3. Identify Friction Points
For each workflow step, check for friction:
- Context switches: User must leave the current tool/terminal
- Hidden requirements: Step needs something not mentioned in prior steps
- Manual repetition: User must type/do the same thing repeatedly
- Waiting without feedback: Operation takes time with no progress indication
- Unnecessary decisions: User must choose between options with unclear consequences
- Memorization burden: User must remember exact syntax, paths, or values
Classify each friction point:
- Blocks progress entirely: Critical
- Slows down significantly: Warning
- Minor annoyance: Info
4. Assess Progressive Complexity
Check that the solution supports both simple and advanced use:
- Zero-config path: Does the simplest use case work without any configuration?
- Gradual opt-in: Can users add complexity incrementally (config, flags, customization)?
- Power user shortcuts: Are there efficiency shortcuts for experienced users?
- Complexity cliffs: Are there points where difficulty spikes suddenly?
- Advanced discoverability: Can advanced features be found through help/docs without reading source?
Flag patterns:
- No zero-config path for the primary task: Critical
- Complexity cliff between basic and intermediate use: Warning
- Advanced features only discoverable by reading source code: Warning
5. Evaluate Documentation Progression
Check that documentation supports the learning journey:
- README → Getting Started → Tutorial → Reference: Clear progression path
- Each level self-contained: Reader doesn't need to jump back and forth
- Concepts introduced before use: No forward references to unexplained concepts
- Examples at each level: Working examples that match the reader's current knowledge
- Skippability: Advanced users can skip ahead without missing critical info
6. Check Feedback Loops
Evaluate whether the user always knows what's happening:
- State visibility: Current mode, stage, or context is always clear
- Action confirmation: Operations confirm what they did
- Progress indication: Long operations show progress
- Error localization: Errors point to the specific step that failed
- Next step guidance: After each operation, the next action is obvious or suggested
Flag missing feedback:
- No state visibility for multi-step operations: Warning
- No confirmation for important operations: Warning
- Dead-end states with no guidance: Critical
7. Assess Recovery and Safety
Evaluate how the solution handles user mistakes:
- Undo capability: Can recent actions be reversed?
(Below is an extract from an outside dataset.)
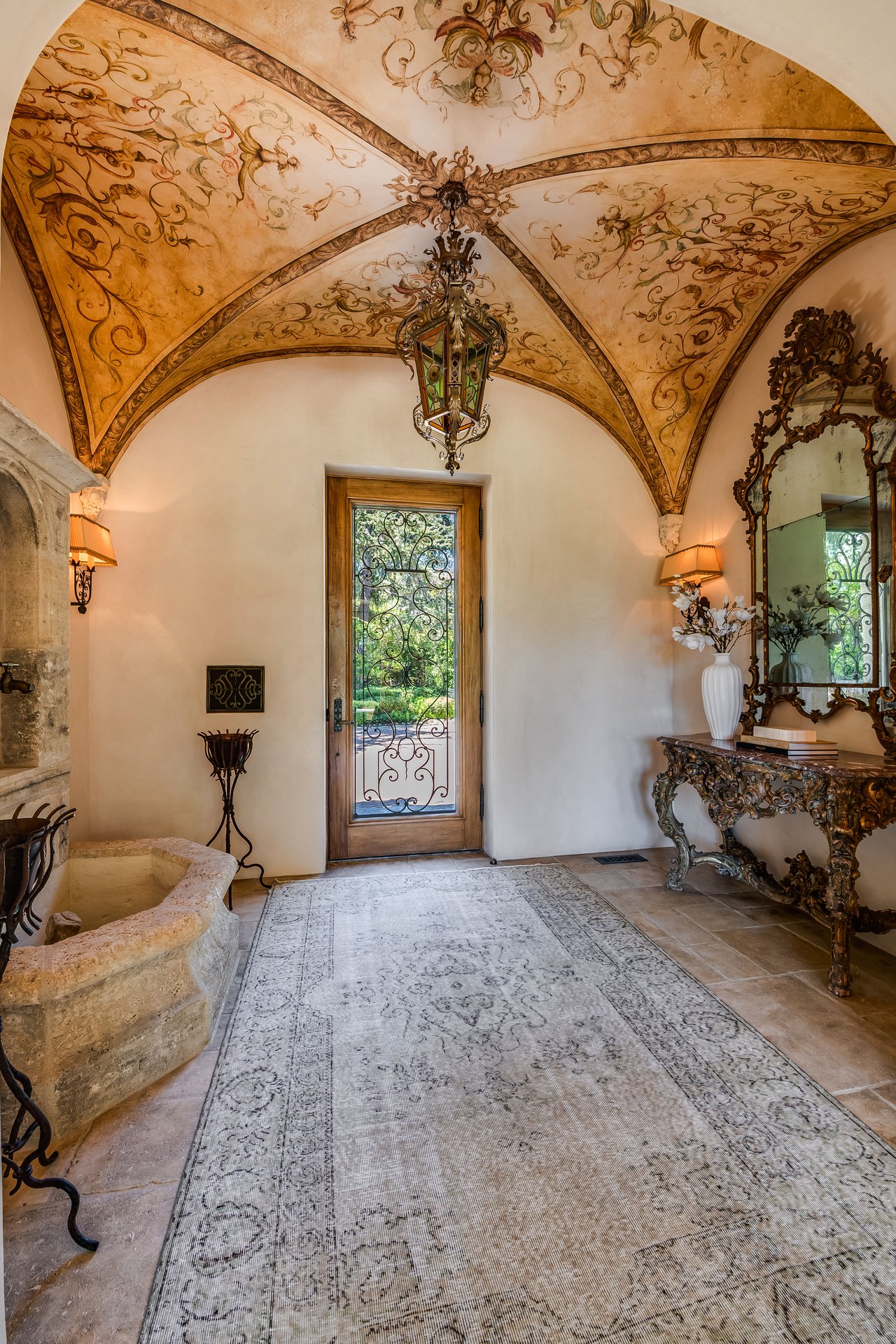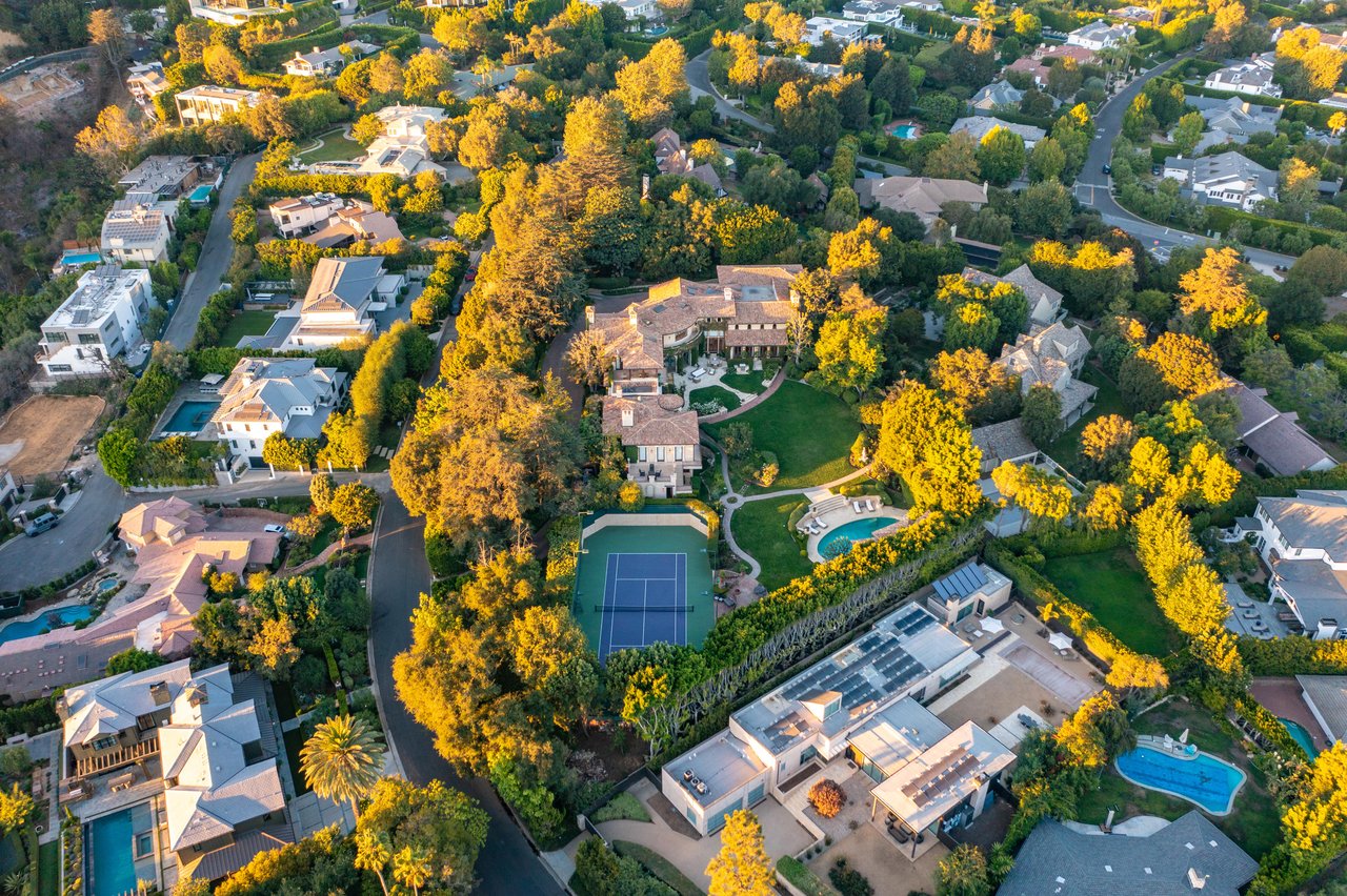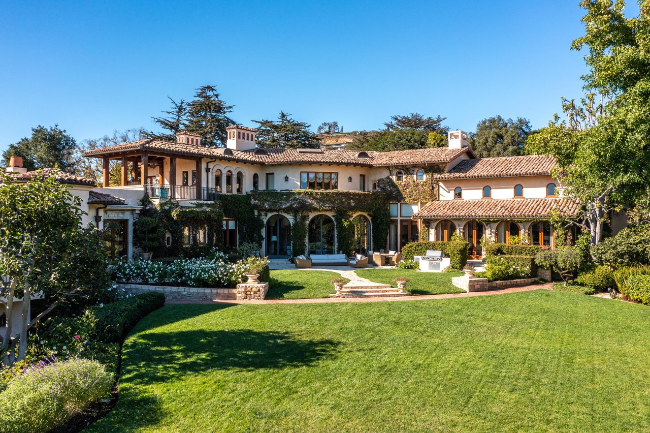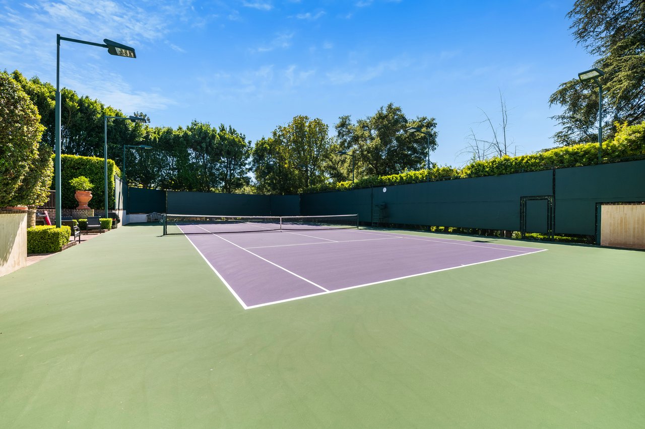 The Leonard Estate stands as the most important legacy property on the Westside - an extraordinary Italian villa of rare scale and pedigree, available once in a generation. Envisioned by world-renowned architect Richard Landry, this Florentine-inspired masterpiece was crafted with only the finest materials and exudes timeless elegance. Perched on nearly two acres of expansive, park-like grounds within the prestigious Palisades Riviera, the estate is hidden behind double gates, towering hedges, and a long private driveway, ensuring complete privacy and security. The ivy-clad facade opens to a grand motor court and sets the stage for over 16,700 square feet of exquisitely designed interiors. Vaulted ceilings, generous proportions, and seamless indoor-outdoor flow create a setting that is equally suited for intimate living or entertaining on a grand scale. The main residence features a dramatic two-story family room, a refined formal living room and dining room, a solarium, a gourmet kitchen with professional appliances and center island, and multiple wings devoted to leisure and entertaining, including a screening room, media room, and gym. There are seven bedrooms in total, with the primary suite serving as a private retreat offering a fireplace, spa-like bath, dressing rooms, and a terrace overlooking breathtaking ocean, canyon, and mountain views. The grounds are a world unto themselves: a sun-drenched oval pool and spa, lit tennis court with viewing pavilion, rolling lawns, meadow, putting green, and lush gardens framed by mature trees. A full two-story guesthouse adjacent to the pool includes a kitchen and guest accommodations, ideal for hosting visitors or poolside gatherings. The Leonard Estate is a true world-class residence that combines European romance with modern luxury, offering both sumptuous and serene living on one of the Riviera's most coveted streets.

- Dry-run mode: Can operations be previewed before execution?
- Confirmation prompts: Destructive actions require explicit confirmation
- Safe defaults: Default behavior is non-destructive
- Partial failure handling: Clear state after failures (what succeeded, what didn't)
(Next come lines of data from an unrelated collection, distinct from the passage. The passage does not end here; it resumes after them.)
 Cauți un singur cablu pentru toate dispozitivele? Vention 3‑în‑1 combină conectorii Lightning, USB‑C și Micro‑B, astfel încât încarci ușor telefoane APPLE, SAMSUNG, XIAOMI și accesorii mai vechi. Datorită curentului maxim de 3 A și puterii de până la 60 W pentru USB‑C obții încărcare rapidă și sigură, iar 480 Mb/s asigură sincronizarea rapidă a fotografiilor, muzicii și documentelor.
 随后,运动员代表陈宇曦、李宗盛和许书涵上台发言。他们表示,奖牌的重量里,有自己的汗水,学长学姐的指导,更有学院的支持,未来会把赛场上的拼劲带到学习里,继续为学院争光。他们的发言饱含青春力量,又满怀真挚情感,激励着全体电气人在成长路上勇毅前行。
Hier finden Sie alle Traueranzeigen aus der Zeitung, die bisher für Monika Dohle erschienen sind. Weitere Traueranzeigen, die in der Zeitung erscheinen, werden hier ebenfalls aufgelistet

- Restart capability: Easy to start over without manual cleanup
8. Evaluate Cross-Tool Integration
If the solution works with other tools, check integration quality:
- Composability: Works well in pipelines (stdin/stdout, exit codes)
- Ecosystem fit: Follows conventions of its ecosystem (npm scripts, make targets, etc.)
- Configuration alignment: Config format matches ecosystem norms (YAML, TOML, JSON)
- Output compatibility: Output format works with common downstream tools
Finding Classification
| Severity | Criteria | Example |
|---|
| Critical | Users cannot form mental model or complete primary task | Purpose unclear, primary workflow blocked by friction |
| Warning | Users face unnecessary friction or confusion | Context switches, missing feedback, complexity cliffs |
| Info | Minor improvements to learning or workflow | Better example placement, optional shortcuts |
Output Format
For each finding, report:
[SEVERITY] Category: Brief description
Workflow step: Which step or concept (if applicable)
Issue: What creates friction or confusion
Impact: How this affects user adoption/productivity
Fix: Specific action to resolve
Include workflow summary:
Primary Workflow Steps: N
Context Switches Required: N
Decision Points: N
Estimated Learning Time: ~N minutes (basic) / ~N hours (proficient)
Friction Points: N critical, N warning, N info
Scoring
Start at 100, subtract per finding:
- Critical: -15 points
- Warning: -7 points
- Info: -2 points
Score reflects how quickly a motivated user can become productive.